Тогда же за обедом Л. Н. рассказал два анекдота из своей жизни. Первый, как он ел дождевых червей, Л. Н. вспомнил по поводу рыбной ловли (ездили Александра Львовна, дети Ильи Львовича и др.). Л. Н. рассказал, как он нес в одной руке червей, а в другой краюшку черного хлеба; хлеб он съел и потом, задумавшись, положил червей в рот и стал жевать и не мог понять несколько времени, что это за гадость.

Л. Н. сказал:

— Я как сейчас помню их вкус.

Жена моя спросила его, очень ли противно было.

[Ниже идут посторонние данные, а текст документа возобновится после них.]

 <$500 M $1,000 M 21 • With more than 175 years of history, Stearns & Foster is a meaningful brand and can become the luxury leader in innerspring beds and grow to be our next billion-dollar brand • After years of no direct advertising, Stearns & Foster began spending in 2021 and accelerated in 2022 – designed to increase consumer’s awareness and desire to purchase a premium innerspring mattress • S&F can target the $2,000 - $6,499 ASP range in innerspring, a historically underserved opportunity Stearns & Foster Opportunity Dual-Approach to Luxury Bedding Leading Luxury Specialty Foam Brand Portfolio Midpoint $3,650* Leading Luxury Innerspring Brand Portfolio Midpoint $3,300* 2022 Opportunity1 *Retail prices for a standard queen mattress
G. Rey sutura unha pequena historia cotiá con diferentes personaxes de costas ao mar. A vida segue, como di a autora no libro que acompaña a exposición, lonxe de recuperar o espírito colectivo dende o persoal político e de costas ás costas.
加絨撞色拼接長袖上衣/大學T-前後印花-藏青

— Вкус землистый; впрочем, я вам не советую пробовать.

Кто?то чихнул, и Л. Н. по этому поводу рассказал другой случай:

— Я очень сильно чихаю; и вот раз как?то ночью я просыпаюсь и чувствую, что сейчас чихну, а Софья Андреевна была в положении, и я боялся ее испугать. Я спросонок крикнул громко: «Соня, я сейчас чихну!» Софья Андреевна, разумеется, проснулась и испугалась, а я заснул сейчас же и так и не чихнул.

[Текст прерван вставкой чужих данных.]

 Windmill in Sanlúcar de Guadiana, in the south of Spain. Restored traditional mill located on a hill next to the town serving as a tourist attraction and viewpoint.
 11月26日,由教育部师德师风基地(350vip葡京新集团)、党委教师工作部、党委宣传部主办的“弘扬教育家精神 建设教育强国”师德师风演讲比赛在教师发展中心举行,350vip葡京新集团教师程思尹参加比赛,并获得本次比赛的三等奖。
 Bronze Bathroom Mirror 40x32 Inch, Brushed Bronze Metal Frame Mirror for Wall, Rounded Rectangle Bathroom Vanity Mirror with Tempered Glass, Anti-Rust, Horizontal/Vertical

Тогда же Л. Н. говорил о воспоминаниях Белоголового (врача), который казался Л. Н. ограниченным человеком.

Л.H., говоря об ужасном впечатлении, которое оставляет в его записках описание болезней и смертей Некрасова, Тургенева, Салтыкова, сказал:

— Как они боялись смерти! И эти ужасные, отвратительные подробности болезни, особенно Некрасова.

А вот это очень давно, зимой, было: тоже мы с женой были, уезжать собирались, а Л. Н. с П. А. Буланже у себя сидел. Мы зашли проститься, а они, очевидно, говорили о семейных делах Буланже.

Мы с женой вошли на следующих словах Л.H.:

— …если бы почаще говорили себе: «помнишь?» Надо бы уговориться; когда кто?нибудь что не так скажет или сделает в пылу спора, или когда один сердится, — уговориться, чтобы другой ему сказал только: «помнишь»?

Л. Н. заметил меня с женой и сказал:

— Вот вы, молодые супруги, вам бы так! Никто не может быть таким другом, как жена, настоящим другом. В браке может быть или рай, или настоящий ад, а чистилище не может быть.

Буланже возразил, что, кажется, именно чистилище чаще всего и бывает. Л. Н. подумал, вздохнул и сказал.

— Да, может быть, к сожалению…

— В тот же вечер, глядя на игравшую на полу маленькую дочь Андрея Львовича, Сонечку, Л. Н. сказал:

— Вот Фауст говорит о том недостижимом моменте, которому можно сказать: «Verweile doch, du bist so schon!» («Продлись — ты так прекрасен»). А вот он, этот момент! — Л. Н. указал на девочку. — Это возраст истинно счастливый, и чистый, и невинный.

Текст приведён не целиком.